Some directors are chameleons, but Fujita really pulled off an extraordinary feat: he rose to the occasion of Norio Osada’s screen adaptation in the first movie and Kaji’s sublime casting in both, acclimating and extending himself to realize artistic ambitions that weren’t necessarily (or at least initially) his own. And the Lady Snowblood duology is a case where some kind of charmed chemistry prevailed throughout: the symbiosis between the rich manga source material and Osada’s inventive telescoping of its convoluted plot in the initial installment, Masaki Tamura’s inventive photography in the first one and Tatsuo Suzuki’s at times even more eye-popping work in number two, and of course Kaji’s gift for channeling the Fates and the Furies as a slender, kimono-draped ball of fire.

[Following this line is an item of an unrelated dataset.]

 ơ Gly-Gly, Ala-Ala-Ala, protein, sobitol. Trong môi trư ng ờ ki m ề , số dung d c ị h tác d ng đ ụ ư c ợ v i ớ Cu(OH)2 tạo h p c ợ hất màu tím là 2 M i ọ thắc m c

Kaji deservedly received her own chapter in Chris D.’s 2005 interview book Outlaw Masters of Japanese Film. Born in 1947, she was one of the most iconic performers in the industry in her twenties, but once she hit thirty she was basically consigned to television by the sexist powers that be. She played controlling molls and teenage gang leaders, nymphomaniacs and stand-by-your-yakuza mates, avengers and deranged convicts; with her long, straight hair, she could seem in some parts like a homicidal—and considerably more talented—Ali MacGraw. (Love Song of Vengeance means never having to say you’re sorry.) Kaji’s performances in the Lady Snowblood films are pervasively, rapturously iconic. As with Brigitte Lin (Peking Opera Blues, Dragon Inn) twenty years later, her eyes were her most unforgettable feature: a penetrating stare that was sharper than a swordsman’s blade or a serpent’s tooth. She made the female gaze deadlier than the male’s.

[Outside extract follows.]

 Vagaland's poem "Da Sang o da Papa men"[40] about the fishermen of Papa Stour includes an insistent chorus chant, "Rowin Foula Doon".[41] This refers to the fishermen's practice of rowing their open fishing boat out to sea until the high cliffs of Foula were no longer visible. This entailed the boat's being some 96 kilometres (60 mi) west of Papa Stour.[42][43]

Her image was well established when the Lady Snowblood films crowned it. The indelible takeaway from her hit Female Convict Scorpion: Beast Stable (1973)was an opening where her escapee character simply amputates the arm of a disbelieving cop who foolishly tries to handcuff himself to her. Then she runs out into the street with the arm dangling from her wrist like a cadaverous purse. In that tradition, Yuki is a black hole of obliteration around which everyone else orbits and into which they’re absorbed. Other actors flash up on-screen and deliver memorable bits (Yoshiko Nakada as Kobue, the blindly devoted daughter of one of Yuki’s targets) or flair (Toshio Kurosawa as the scruffy reporter who recounts Yuki’s story in order to flush out her last prey—his own father), but they all pale beside her steely presence.

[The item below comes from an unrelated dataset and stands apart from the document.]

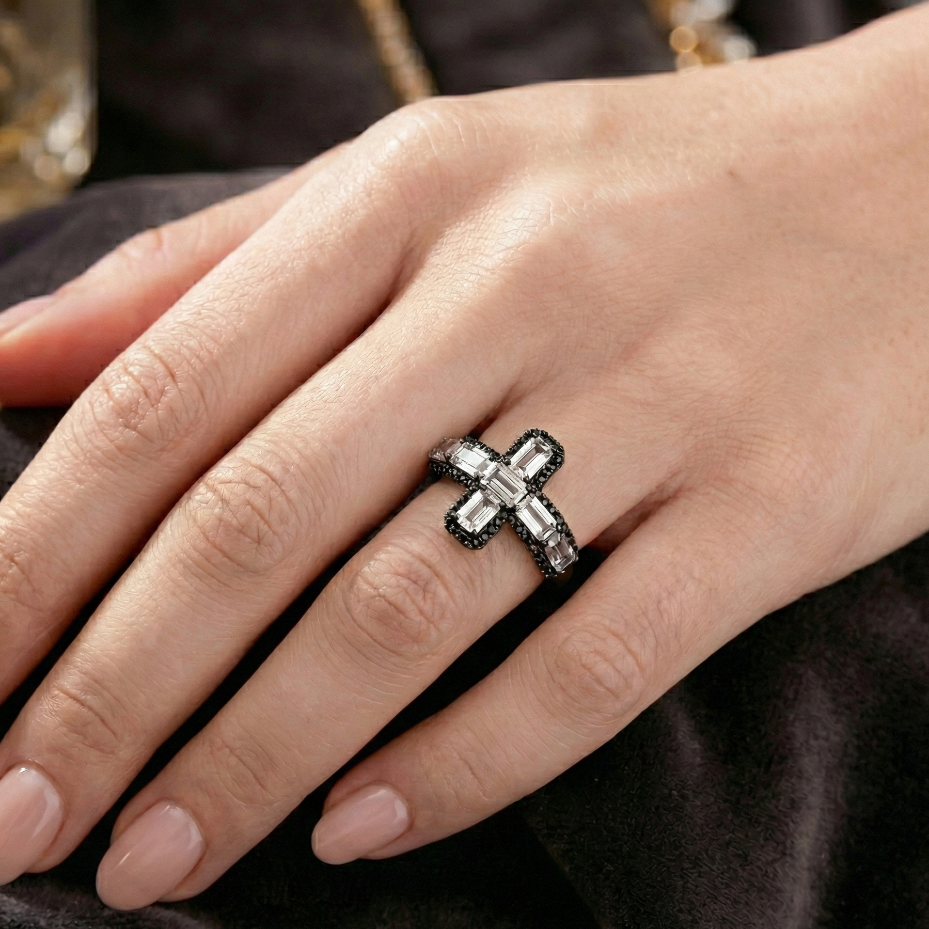 Bague croix en quartz cristal et diamants noirs avec rhodium noir

It’s hard not to wonder—fantasize—about what other Lady Snowblood films might have been in store if the series had continued through further permutations. It could have made for a great franchise, like a more radical, quasi-feminist answer to the Zatoichi films. Then we might have gotten something like Lady Snowblood Meets the Blind Swordsman. Or Lady Snowblood vs. the Realm of the Senses.

Yet the mystique these two movies bequeathed may be better: the image of a wraith moving silently down a castle hallway or tossing a corpse from a cliff into the sea, a figure to haunt our eternal art-grind-house dreams. The Kaji era’s ripples can be felt in figures and films as different as Brigitte Lin, The Heroic Trio (1993), Sympathy for Lady Vengeance (2005), and, faintly but tantalizingly, Scarlett Johansson. Embracing the darkness, Lady Snowblood’s disciples deserve to rise and take their rightful place over the dead bodies of the pantheon’s gatekeepers. And in the meantime, kid, we’ll always have “The Flower of Carnage.”